* **Work task**
Word for word, restate all the records; images are not part of the copy.

* **Given records**
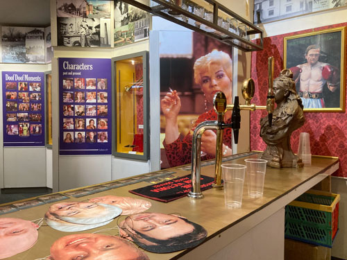 At the far end of the room is the Queen Victoria pub. They've had a bit of fun here and provided facemasks of Peggy, Grant, Kat, Alfie, Pat and Mick so you can pretend to pull a pint in character for selfie purposes, which I can confirm I have seen visitors doing. Again it's not the actual bar but those are genuine Luxford & Copley pumps, that is genuine E20 flock wallpaper and the bust of Queen Victoria is real too. Apparently the show's used more than one bust over the years so this may not be the precise Archie Mitchell murder weapon from 2009.
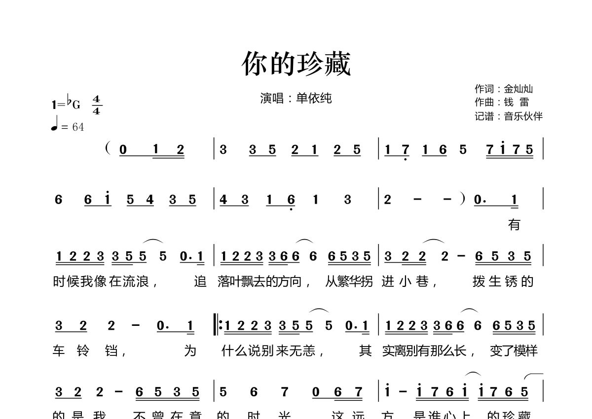 《你的珍藏》是单依纯演唱的一首歌曲,拍号为4/4拍,歌曲速度为每分钟64拍,这份简谱共有两张高清图谱,图谱由 @音乐伙伴 编配上传。
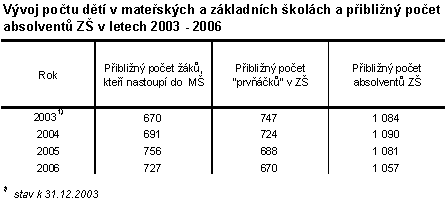 Mateřské školy měly k 1. 9. 2003 celkovou kapacitu 2 885 dětí. K 30. 9. 2003 však mateřské školky navštěvovalo pouze 2 167 dětí. Některé školky se potýkají s nižším počtem dětí, jejichž věk odpovídá docházce do školky. V některých případech je počet dětí výrazně nižší než kapacita školek. Také kapacita základních škol není plně využita. K 1. 9. 2003 byla rovna 10 650 žáků, ale ve skutečnosti se v nich k 30. 9. 2003 učilo pouze 7 832 dětí.
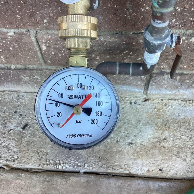 A plumber in Moreno Valley, California shut off the main water supply, removed a failed PVC-to-copper connection, and installed a new Baker fitting with a brass-to-copper transition. They used Pro Press fittings to complete the repair and performed a pressure test to confirm proper function.
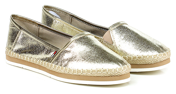 Scarpa bassa in eco pelle laminata effetto crack con suola in gomma. Tacco 25. Suola in corda.
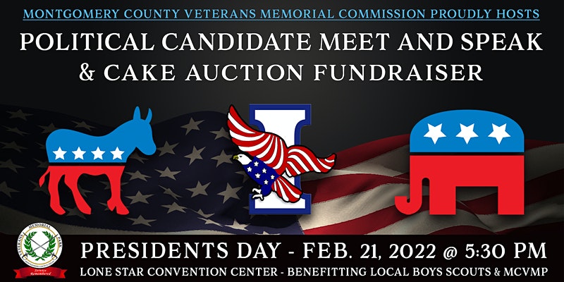 THE WOODLANDS, TX – The Montgomery County Veterans Memorial Commission is hosting a nonpartisan political event for citizens and veterans to familiarize themselves with candidates. The Political Candidate Meet-&-Speak and Cake Auction will take place at the Lone Star Convention Center on Presidents Day, February 21, starting at 5:30 p.m. Members of the public are invited – and encouraged – to attend this free event.
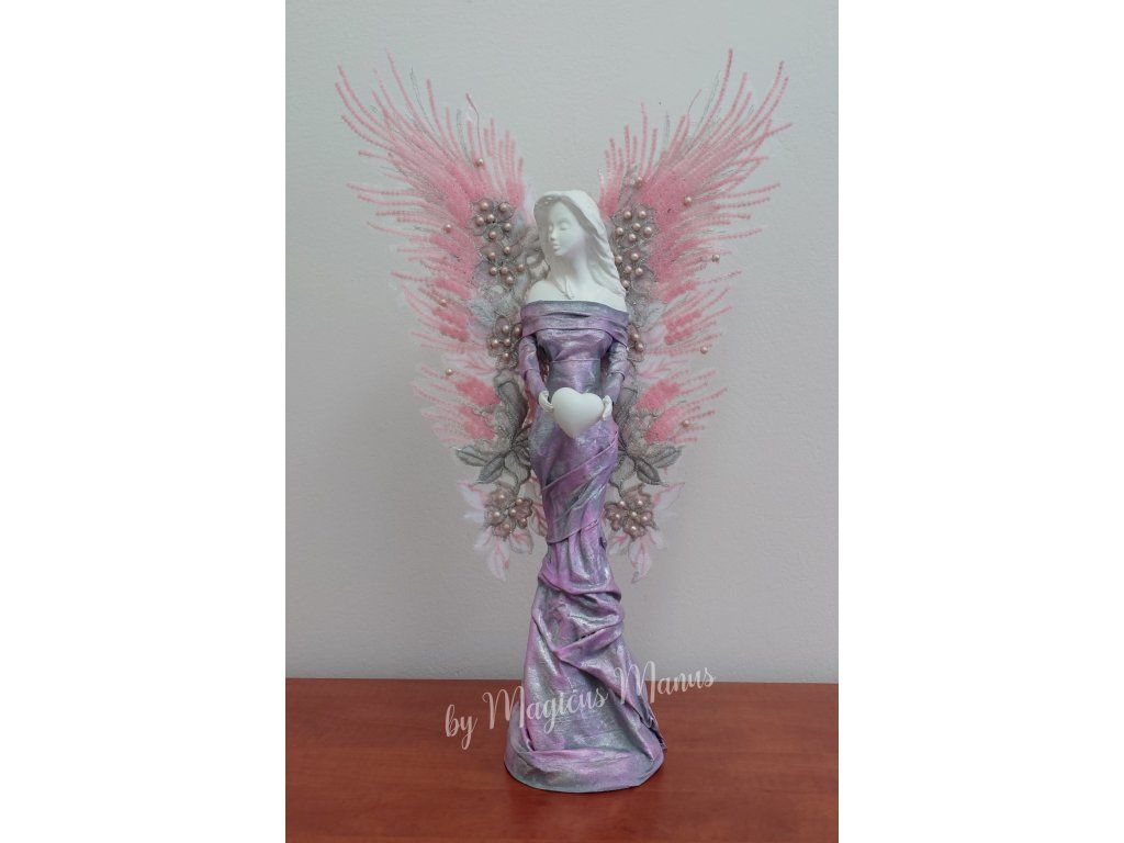 Anděl v šedo růžové o výšce cca 52 cm, jedná se o ruční práci, proto je každá soška originál
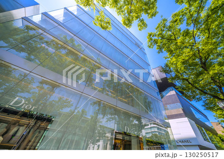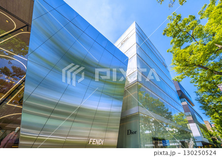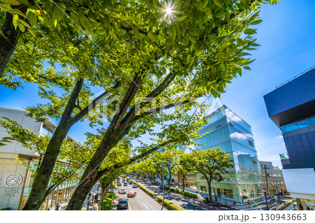 日本の東京都市景観 東京・表参道の緑溢れる並木やFENDIなどを望む

* **Output of the task**
 At the far end of the room is the Queen Victoria pub. They've had a bit of fun here and provided facemasks of Peggy, Grant, Kat, Alfie, Pat and Mick so you can pretend to pull a pint in character for selfie purposes, which I can confirm I have seen visitors doing. Again it's not the actual bar but those are genuine Luxford & Copley pumps, that is genuine E20 flock wallpaper and the bust of Queen Victoria is real too. Apparently the show's used more than one bust over the years so this may not be the precise Archie Mitchell murder weapon from 2009.
 《你的珍藏》是单依纯演唱的一首歌曲,拍号为4/4拍,歌曲速度为每分钟64拍,这份简谱共有两张高清图谱,图谱由 @音乐伙伴 编配上传。
 Mateřské školy měly k 1. 9. 2003 celkovou kapacitu 2 885 dětí. K 30. 9. 2003 však mateřské školky navštěvovalo pouze 2 167 dětí. Některé školky se potýkají s nižším počtem dětí, jejichž věk odpovídá docházce do školky. V některých případech je počet dětí výrazně nižší než kapacita školek. Také kapacita základních škol není plně využita. K 1. 9. 2003 byla rovna 10 650 žáků, ale ve skutečnosti se v nich k 30. 9. 2003 učilo pouze 7 832 dětí.
 A plumber in Moreno Valley, California shut off the main water supply, removed a failed PVC-to-copper connection, and installed a new Baker fitting with a brass-to-copper transition. They used Pro Press fittings to complete the repair and performed a pressure test to confirm proper function.
 Scarpa bassa in eco pelle laminata effetto crack con suola in gomma. Tacco 25. Suola in corda.
 THE WOODLANDS, TX – The Montgomery County Veterans Memorial Commission is hosting a nonpartisan political event for citizens and veterans to familiarize themselves with candidates. The Political Candidate Meet-&-Speak and Cake Auction will take place at the Lone Star Convention Center on Presidents Day, February 21, starting at 5:30 p.m. Members of the public are invited – and encouraged – to attend this free event.
 Anděl v šedo růžové o výšce cca 52 cm, jedná se o ruční práci, proto je každá soška originál
 日本の東京都市景観 東京・表参道の緑溢れる並木やFENDIなどを望む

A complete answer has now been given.